Saturday 3 March 2007

5:3 How management philosophy can dissolve dissent.

A second strategy is to build up the management philosophy itself. This teaches that all organizations are the same. Their ‘mission’ is more or less uniform, to produce ‘profit’, which is measured by accountants. This accounting looks at ‘input’ and ‘output’ and sees what the ‘bottom line’ is. Everything is measurable, everything is on the same level. You cannot count what you cannot count.

Using this philosophy, take any lumpy bit of the social structure, whether it be an ancient university or a new sports club, and investigate it. How ‘transparent’ is it? How accountable to its own stake-holders and to the rest of us? How profitable is it? How uniform and egalitarian is it? If it fails to live up to the expectations of the business school model, it must be changed. It must be audited, accounted, transparency and outside inspection forced on it. There must be paper trails, mission statements, performance related rewards, accountable procedures. Otherwise it must be dissolved.

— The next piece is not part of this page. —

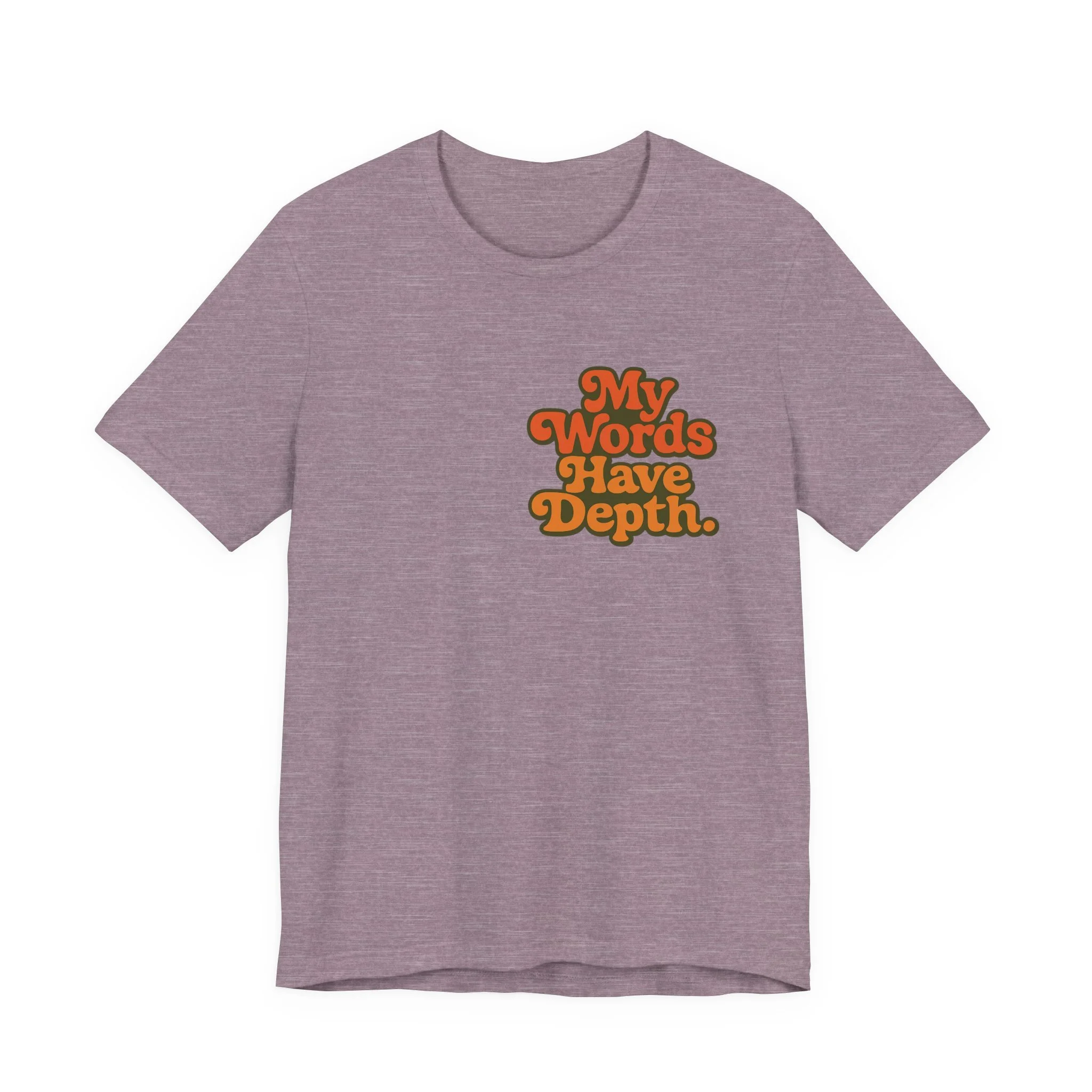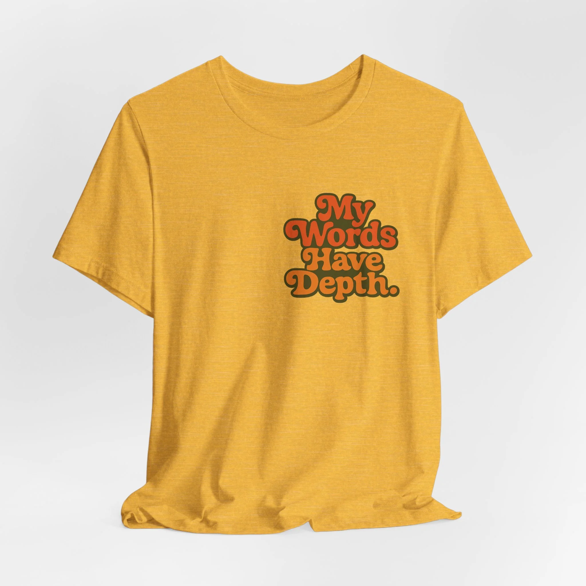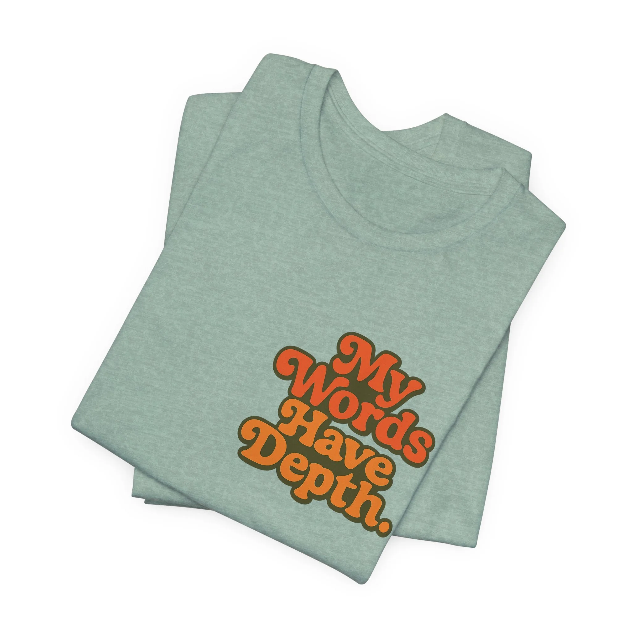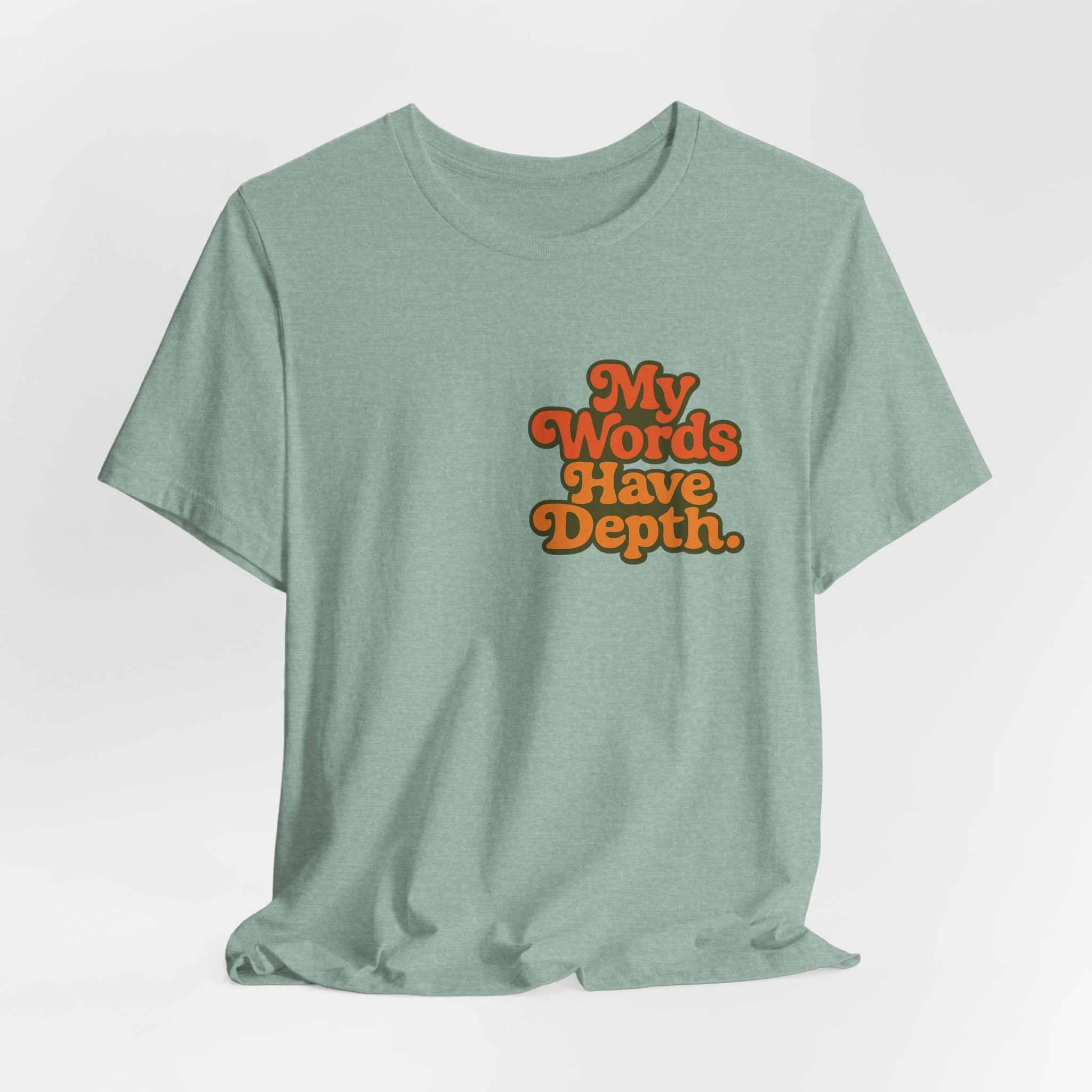 This lightweight jersey tee carries a vintage-minded message — warm, rounded lettering in sunset tones reads “My Words Have Depth.” It sits on a soft, breathable 100% Airlume combed and ring-spun cotton body (with blended options for heathers) and a classic crew neckline. Subtle construction details — side seams, ribbed knit collar with seam, shoulder tape and a tear-away label — keep the shirt comfortable, stable and easy to wear every day. Responsibly made by Bella+Canvas with REACH compliance and fair-labor manufacturing, it’s a casual statement piece that slides into relaxed wardrobes and layered looks alike.

This approach works like magic. Like detergent on fat-encrusted dishes it will dissolve most of the old, encrusted, forms and turn them into sparkling replicas of your favoured businesses. They will soon lose their unworldly, impractical and basically corrupt, not to mention potentially subversive, aspects which originally gave them life. They will lose their own breath and then you, as the State, can breathe new life into them and they will become your creatures.

All this will deal with those awkward remnants of an outdated age of associations and de-centralization. But your task would not be complete if you did not take it down one stage further and penetrate each individual, as well as each organization. How best to do this? There is an easy solution, which was adopted successfully by the Gestapo and the KGB, which is to assemble files on everyone in as much detail as possible, and to keep them at hand.